Woohoo, congrats!!! They're both doing so well! How many points does Barley have now?

Videos?

I was wondering where some people were this weekend, I bet they were down in San Diego. We should have gone there too.


----------



## sammydog (Aug 23, 2008)

Jodie - I love the idea, but I think I will wait until I get a little closer until I put something in my sig... I was thinking about it, but like now... I am not trialing for another month... so not much is going to happen! 

Katie - you should have come down! Unfortunately I think I need to save $$$ so will be keeping to local trials only for the next few months. I do love to come up there though!

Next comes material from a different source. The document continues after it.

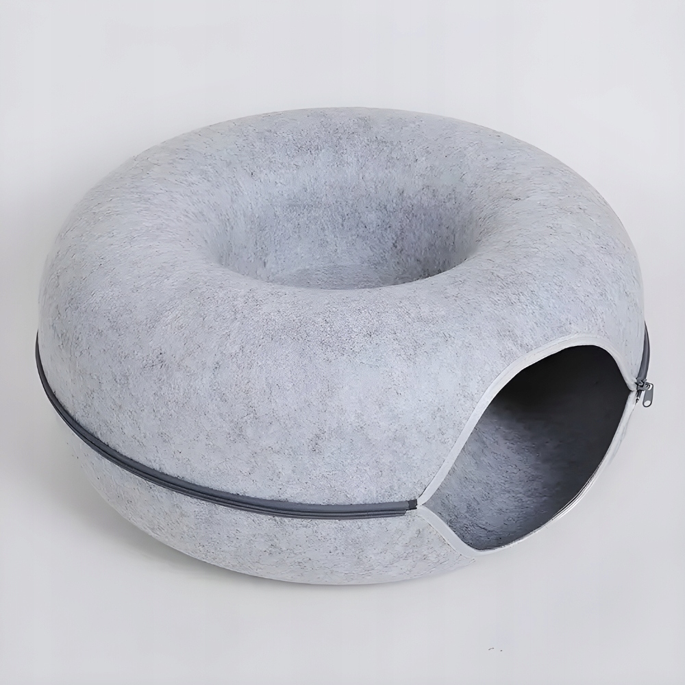 Матеріал з фетрового вовни забезпечує приємне місце для відпочинку, а форма американського пончика огортає кішку, забезпечуючи йому почуття безпеки .
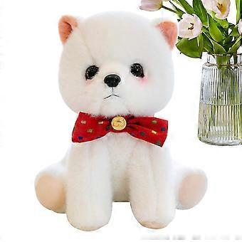 Plush toy for dogs, plush dog, plush toy for puppies – plush dog toy with bow, cute, sitting, 23 cm / 9 cm, red

I am not exactly sure on points, I have my "current" spreadsheet at work, but going with what is on the AKC page and what we got this weekend he is just over 600 points. So we will be pretty close on points vs. double q's. If he bangs out a bunch of double q in a row, we will probably need more points, but the rate he has been going has been pretty even. We shall see.

Thanks again!


----------



## DNL2448 (Feb 13, 2009)

WAY TO GO, Barley, Mira and Jessica! What wonderful accomplishments! Every time you post about how you all did, even if you didn't Q, I wish we lived closer so I could see the runs in person! I would be the crazy woman jumping up and down hollering WOOOHOOO (course, I would wait until the run was over, wouldn't want to be a distraction). Would pom poms be too much you think?


----------



## sammydog (Aug 23, 2008)

Nope! Bring on the pom poms! I would be fun if we were closer... One of these days we will figure something out... Maybe they will have a West Coast National someday... That would be fun!


----------



## AmberSunrise (Apr 1, 2009)

Wow - what a great Christmas  Congratulations


----------



## goldengirls550 (Jun 12, 2008)

GREAT JOB!! Yay for Barley! He'll have that MACH in no time!! And Mira is one hot little Golden girl! I can't wait to see where she takes you!


----------



## Maxs Mom (Mar 22, 2008)

Sorry for my late notice of this thread!!! Congrats Barley!!! Sixteen QQ's is awesome buddy!!! Can't wait to meet you!!!! 

Six months for Mira to earn all those titles is AWESOME!!!! Now you can work on her MACH too! Go Mira. 

Ann


----------